The Dark Tower - Stephen King [196]
“Where is he walking? Do ya know, tell this lady!”
The old man looked briefly over Roland’s shoulder, then back to the gunslinger. “Be easier was I t’drive ya there m’self.”
Roland considered this, but only briefly. Easier to begin with, yes. Maybe harder on the other end, where King would either be saved or lost. Because they’d found the woman in ka’s road. However minor a role she might have to play, it was her they had found first on the Path of the Beam. In the end it was as simple as that. As for the size of her part, it was better not to judge such things in advance. Hadn’t he and Eddie believed John Cullum, met in that same roadside store some three wheels north of here, would have but a minor role to play in their story? Yet it had turned out to be anything but.
All of this crossed his consciousness in less than a second, information (hunch, Eddie would have called it) delivered in a kind of brilliant mental shorthand.
“No,” he said, and jerked a thumb back over his shoulder. “Tell her. Now.”
Ten
The boy—Jake—had fallen back against the seat with his hands lying limp at his sides. The peculiar dog was looking anxiously up into the kid’s face, but the kid didn’t see him. His eyes were closed, and Irene Tassenbaum at first thought he’d fainted.
“Son?…Jake?”
“I have him,” the boy said without opening his eyes. “Not Stephen King—I can’t touch him—but the other one. I have to slow him down. How can I slow him down?”
Mrs. Tassenbaum had listened to her husband enough at work—holding long, muttered dialogues with himself—to know a self-directed enquiry when she heard one. Also, she had no idea of whom the boy was speaking, only that it wasn’t Stephen King. Which left about six billion other possibilities, globally speaking.
Nevertheless, she did answer, because she knew what always slowed her down.
“Too bad he doesn’t need to go to the bathroom,” she said.
Eleven
Strawberries aren’t out in Maine, not this early in the season, but there are raspberries. Justine Anderson (of Maybrook, New York) and Elvira Toothaker (her Lovell friend) are walking along the side of Route 7 (which Elvira still calls The Old Fryeburg Road) with their plastic buckets, harvesting from the bushes which run for at least half a mile along the old rock wall. Garrett McKeen built that wall a hundred years ago, and it is to Garrett’s great-grandson that Roland Deschain of Gilead is speaking at this very moment. Ka is a wheel, do ya not kennit.
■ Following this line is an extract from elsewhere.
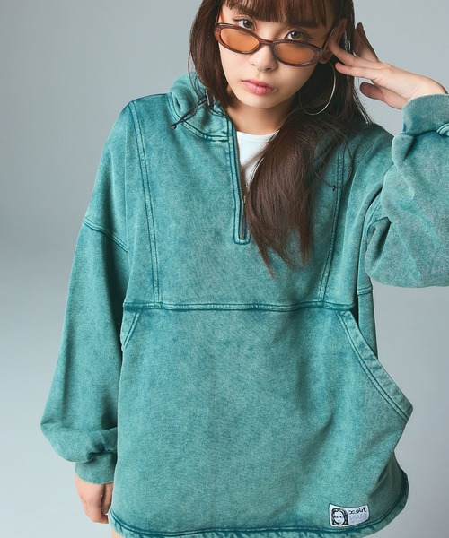 毎シーズン大人気のアノラックが今季も登場!一枚でサマになるスウェットパーカー■デザイン大好評のスウェットアノラックが今季も登場。シンプルでありながら、独特の風合いな加工感がスタイリングに映えます。春シーズンにもぴったりな、鮮やかなカラーリングも魅力。フードはドローコード付きで、シルエットの調整が可能。旬なハーフジップ仕様で、首元に程よい抜け感を演出。切り替えのステッチデザインもアクセントになり、一枚でサマになる仕上がりに。裾には、大人気なFACEロゴのネーム付き。裾にもコード付きで、スタイリングに合わせてシルエットの変化を楽しめます。ゆったり着用できるオーバーサイズで、メンズライクな着こなしに。■素材裏毛のスウェット素材で、デイリーに重宝するストレスフリーな着用感。春コーデにはもちろん、秋冬までロングシーズン活躍できます。■スタイリングビッグシルエットのアノラックには、ミニスカートと合わせたストリートスタイルがおすすめ。カジュアルなアイテムに幅広くマッチします。・透け感:なし・伸縮性:あり・生地の厚さ:普通・裏地:なし(裏毛)・長袖■X-girl(エックスガール)■取り扱い注意事項・アテンションタグ・洗濯表示を必ずご確認の上、ご使用ください。・画像の商品は光の照射や角度により、実物と色味が異なる場合がございます。また表示のサイズ感と実物は若干異なる場合もございますので、予めご了承ください。・画像の商品はサンプルとなります。実際の商品と色味、仕様、加工、サイズ、素材等が若干異なる場合がございます。・生産の過程で、素材やサイズなどに若干の変更が出る可能性があります。・予約商品など一部商品につきましては、生産の都合上、お届け時期が前後する場合がございます。▼商品のお気に入り登録残り1点や再入荷、セールなどの通知を受け取ることができます。▼ブランドのお気に入り登録新作アイテムや再入荷、クーポンなどお得な情報をいち早く受け取ることができます。

The two women have enjoyed their hour’s walk, not because either of them has any great love of raspberries (Justine reckons she won’t even eat hers; the seeds get caught in her teeth) but because it’s given them a chance to catch up on their respective families and to laugh a little together about the years when their friendship was new and probably the most important thing in either girl’s life. They met at Vassar College (a thousand years ago, so it does seem) and carried the Daisy Chain together at graduation the year they were juniors. This is what they are talking about when the blue minivan—it is a 1985 Dodge Caravan, Justine recognizes the make and model because her oldest son had one just like it when his tribe started growing—comes around the curve by Melder’s German Restaurant and Brathaus. It’s all over the road, looping from side to side, first spuming up dust from the southbound shoulder, then plunging giddily across the tar and spuming up more from the northbound one. The second time it does this—rolling toward them now, and coming at a pretty damned good clip—Justine thinks it may actually go into the ditch and turn over (“turn turtle,” they used to say back in the forties, when she and Elvira had been at Vassar), but the driver hauls it back on the road just before that can happen.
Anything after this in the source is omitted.